In the car on the way back to the city, she first asked how old Jamie thought Diana Blair was, offered her own opinion about the twenty-year gap between her and her husband, and then asked Jamie if he was seriously thinking of letting Blair do a special based on his photographs; from what she’d been able to gather by asking a few discreet questions before they drove up here, Blair had produced nothing but utter crap on television for the last six years, ever since he’d left his job at NBC in 1961.
“Where’d you ask all these discreet questions?” Jamie said.
“I asked Annie Baumgarten, whose husband is in programming at ABC, and I asked Sylvia Janus, who works for William Morris, and they both said—”
“Why didn’t you tell me this before we came all the way up here?”
“It’s not that far up, and besides I wanted to see for myself. Are you going to let him do it?”
“Let’s see what he comes up with.”
“He certainly came up with a good house,” Connie said. “Maybe he should go into real estate.”
“I didn’t think it was all that great,” Jamie said.
“Come on, it was only magnificent.”
She got off the subject almost at once, asking him what he’d thought of Blair’s comment about “prestige,” as if Jamie needed prestige, asking him what he thought of the idea of Blair writing the monologue, did he have any writing credits at all, and then suddenly — with another flash of these glade-green eyes — saying, “How much do you think they want?”
“How much do I think who wants?”
“Old Dr. Gillespie and his wife.”
“For the house, do you mean?”
“No, for the fucking rock garden. Of course for the house.”
“Fucking” was a word Connie had first picked up from her older sister Janet, who was now married to a film editor at Universal and living in Brentwood, and had later heard used with some regularity by her Vassar roommate, a girl who’d grown up on exclusive Lake Shore Drive in Chicago. Connie used the word frequently, but never when she was actually doing what it defined. She called that “screwing.”
“So?” she said. “What do you think?”
“Who cares how much they want for it?” Jamie said.
“It would be closer to Lissie’s school.”
They moved into the house on the sixth day of December in 1967, and for Lissie’s sixteenth birthday Jamie festooned the living room with pictures he’d taken of her that year, forty-eight of them in all, some of them tacked to the old posts, the rest Scotch-taped to the walls between the paintings he and Connie had collected since 1953, when Life had been good enough to launch his career.
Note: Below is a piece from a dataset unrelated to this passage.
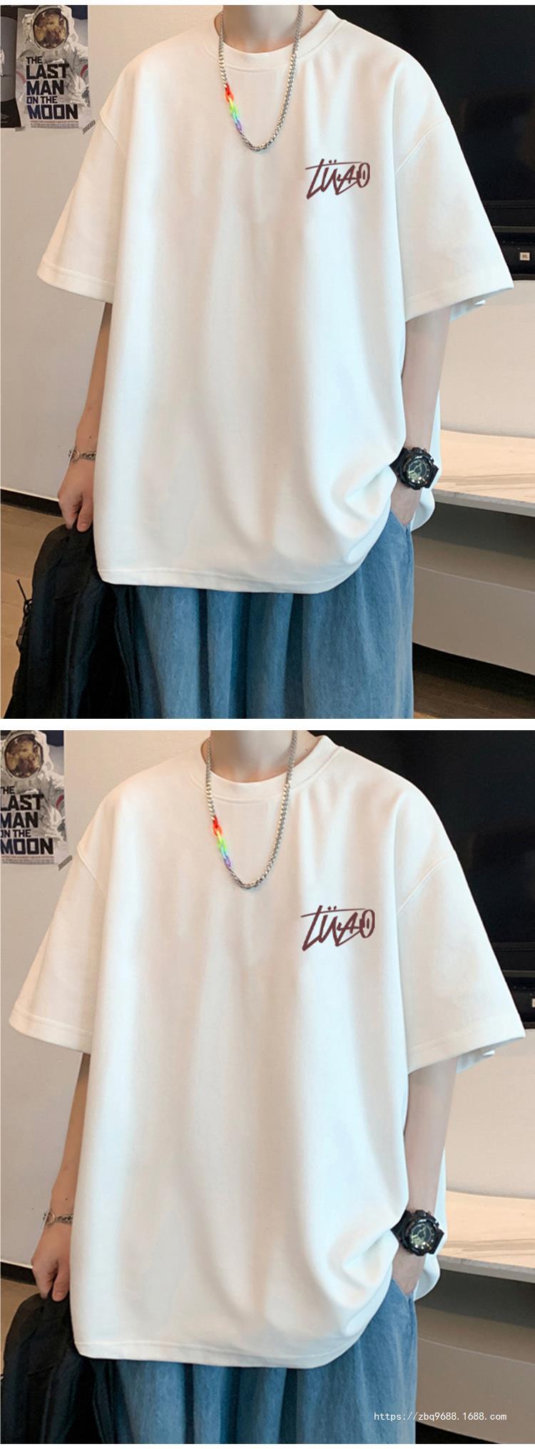 Camiseta de Manga Corta Pesada Gesha para Hombre 2025 Nuevo Verano Algodón Marca de Moda Americana Trendy Suelta Blanca Versátil
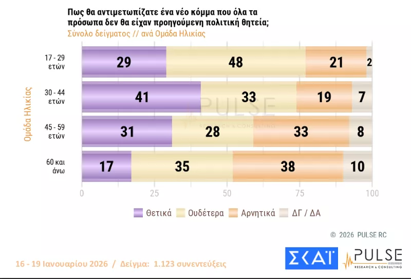 Η ηλικιακή κατανομή δείχνει τις ροπές, ενώ οι απόψεις για τα αίτια που προκαλούν την ανάγκη δημιουργίας νέων κομματικών σχηματισμών, συνθέτουν ένα σαφές μήνυμα προς το υπάρχον πολιτικό προσωπικό.

But forty-eight pictures weren’t sixty pictures, and tonight he’d run out of wall and post space before he’d hung little more than half of them.
He got his brilliant idea along about midnight, went down to the basement for a spool of fishing line he’d never used, fifteen-pound clear test, and strong enough to land a battling swordfish, or so Kirk Harkins at the hardware store in town had told him. He then cut himself snippets of line which he threaded through the holes he made in the two top corners of each mat. Standing on a ladder, he tacked the steepled lines to the ceiling beams, spacing the pictures some six inches apart, twisting the separate hanging lines around each pushpin till he got a level dangle. The job was going to be painstaking and time-consuming; he began to understand how Michelangelo must have felt in the Sistine Chapel.
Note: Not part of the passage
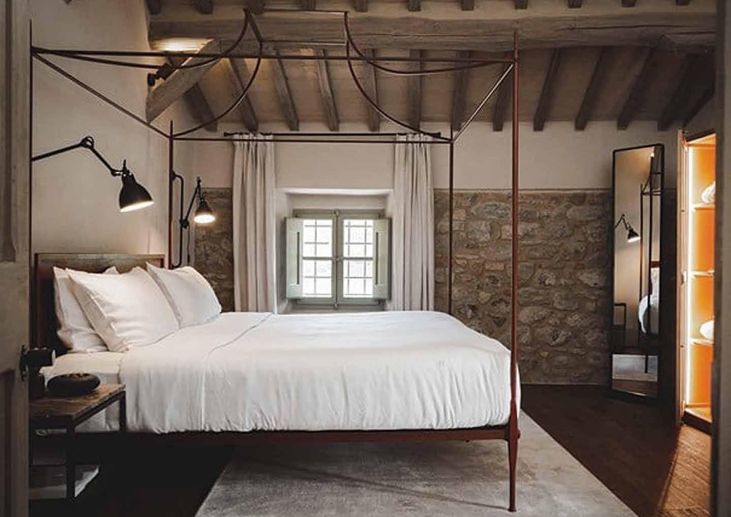 Dentro do mosteiro, oito quartos e suítes exclusivos apresentam móveis personalizados de Samarreda e Tosconova, camas com dossel de Lispi, uma paleta de cores distinta e obras de artistas locais. Os amplos banheiros apresentam azulejos personalizados ricamente coloridos feitos por Cotto Etrusco. A maioria das suítes vem com uma banheira profunda em balanço, às vezes situada do lado de fora na varanda espaçosa, onde as cortinas sopradas pela brisa oferecem sombra. Um edifício anexo separado abriga mais quatro quartos e suítes, cada um com seu próprio jardim e móveis externos da Varaschin.

When next he looked at his watch, it was twenty minutes to two, and there were still three pictures to hang. One of them was a terrific shot he’d caught of six-year-old Lissie in Central Park one bright spring day, kneeling to pluck a dandelion from the ragged lawn. Another was of her in a flaking and rusting rowboat, the first (and last) summer they’d spent at Martha’s Vineyard, back in 1965 when she was almost fourteen, long slender arms tugging at the oars, tiny buds of breasts in the tanktop bathing suit. Her breasts, at seventeen — yes, she was already seventeen; she’d been born at 1:27 A.M. on the morning of December 19, 1951 — were still somewhat less than spectacular. At school, she and her similarly unendowed roommate had formed a club they called the Itty-Bitty Titty Committee, clandestinely referred to by its dozen or more titless members as the I.B.T.C., lest the Establishment close them down in a wink.